Nuclear-Spin Conversion and Vibration-Rotation Spectra of Methane in Solid Argon

Abstract

The ${\nu }_3$ and ${\nu }_4$ infrared spectra of methane in an argon matrix have been studied. The assignment of vibration‐rotation features enables the methane rotational energies to be determined. The spacings of these levels, which are discussed in terms of crystal‐field effects, suggest that methane is a hindered rotor in its solid matrix. The vibration‐rotation features exhibit time‐dependent absorption changes. These changes which are evidence of triplet →quintet nuclear‐spin conversion that accompanies the $\text{J\hspace{0.17em}=\hspace{0.17em}1→J\hspace{0.17em}=\hspace{0.17em}0}$ rotational relaxation, follow first‐order kinetics with a half‐life of 90 min. The half‐life is unchanged by addition of up to 1% N₂ to the matrix but decreases to 3 min with only 0.2% O₂. Two mechanisms are proposed which are in order of magnitude agreement of observed relaxation rates.

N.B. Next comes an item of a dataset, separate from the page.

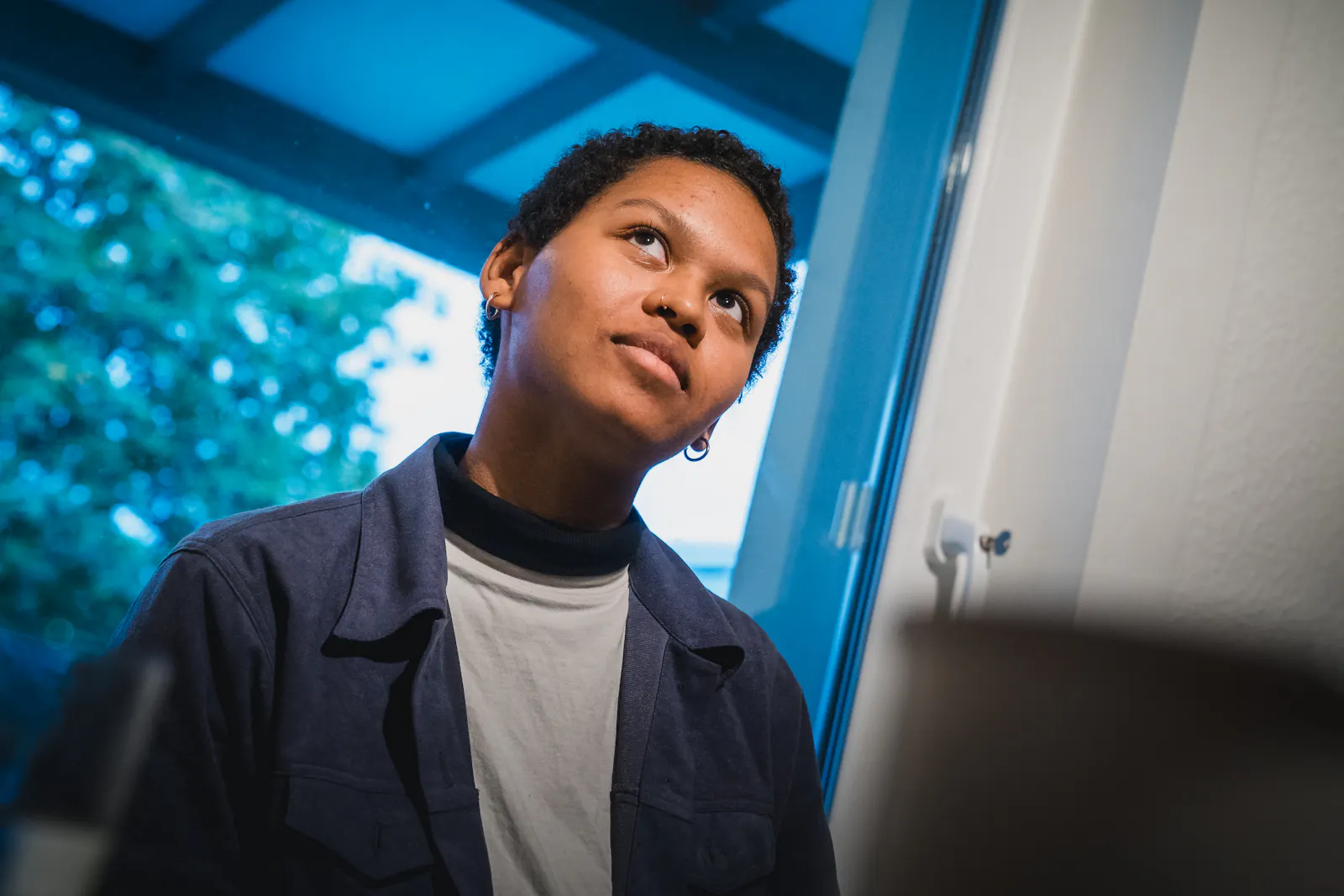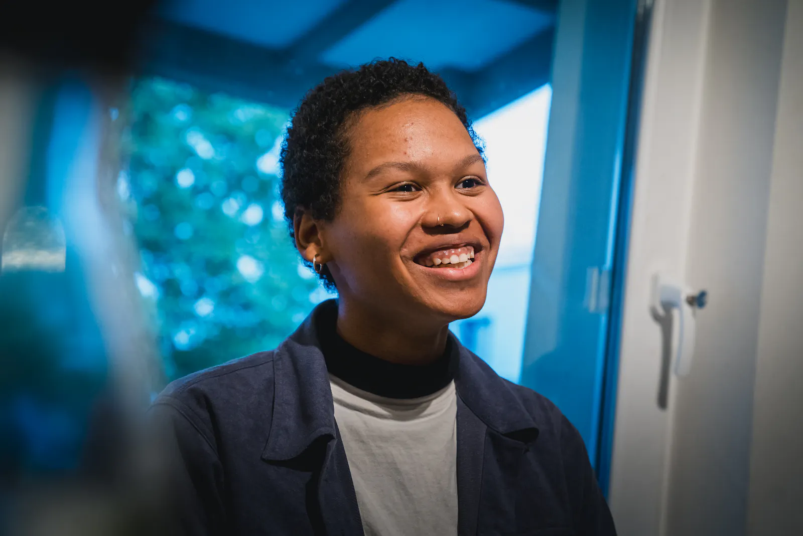 Ich bin als Kind immer aufgefallen und wollte immer auch überall dazu gehören. Weil ich wusste noch nicht ganz, wo ich hingehöre. In der vierten Klasse bin ich in eine Wohngruppe nach Limburg gezogen und nach einem Jahr wieder nach Wiesbaden, weil meine beiden kleinen Geschwister waren hier in einer Wohngruppe und dort war dann auch ein Platz für mich frei. Vor eineinhalb Jahren bin ich dann in meine eigene Wohnung gezogen. Also ich bin nicht zu Hause aufgewachsen. Die wichtigste Entwicklung habe ich in der Wohngruppe gemacht mit meinen Betreuerinnen und Betreuern, mit meinen Geschwistern, vor allem aber auch mit den anderen Jugendlichen. Wir waren zu acht und das prägt mich auch in dem Sinne, dass ich sage, ich möchte in die soziale Richtung, weil ich weiß, wie gut das sein kann und wie sich Kinder fühlen, die nicht zu Hause wohnen. Ich hatte gute Betreuer:innen und das will ich weitergeben.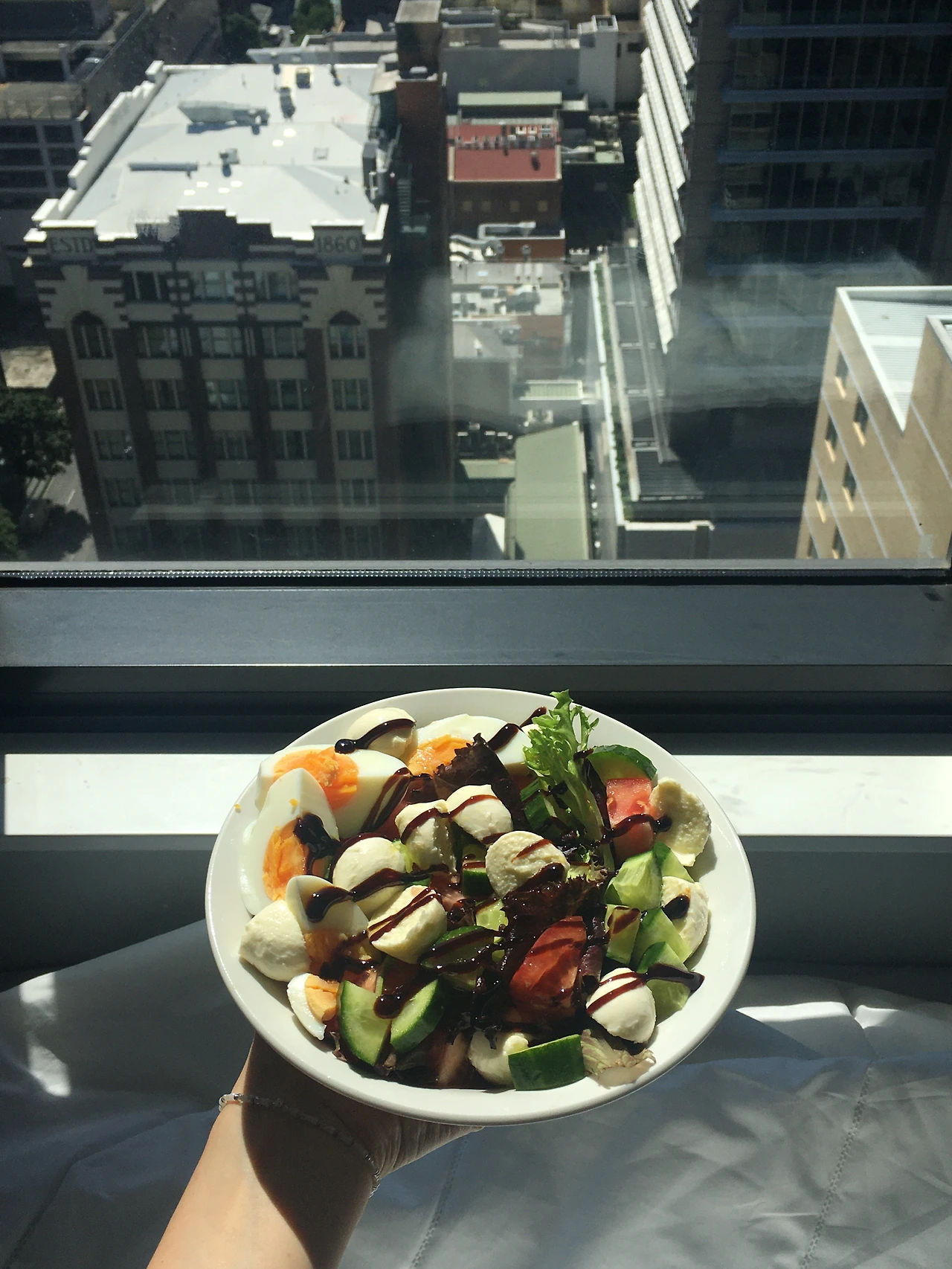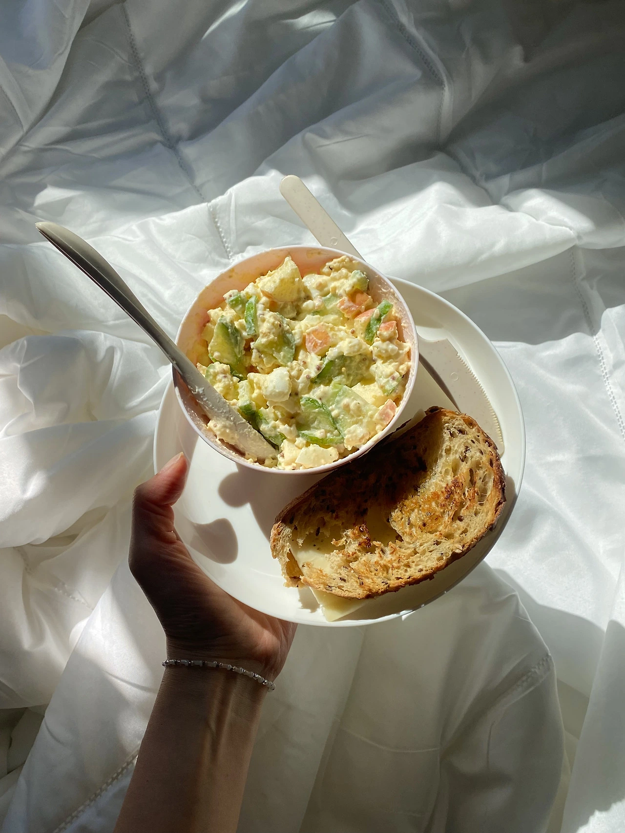 계란 오이 사라다와 프레쉬 과일 토스트, 그리고 보코치니 샐러드

In the absence of paramagnetic impurities, spin‐spin interaction within the molecule mixes spin states and allows $\text{J\hspace{0.17em}=\hspace{0.17em}1→J\hspace{0.17em}=\hspace{0.17em}0}$ to relax into the crystal lattice. In the presence of O₂ the spin states are mixed by the magnetic‐field gradient which is set up across CH₄.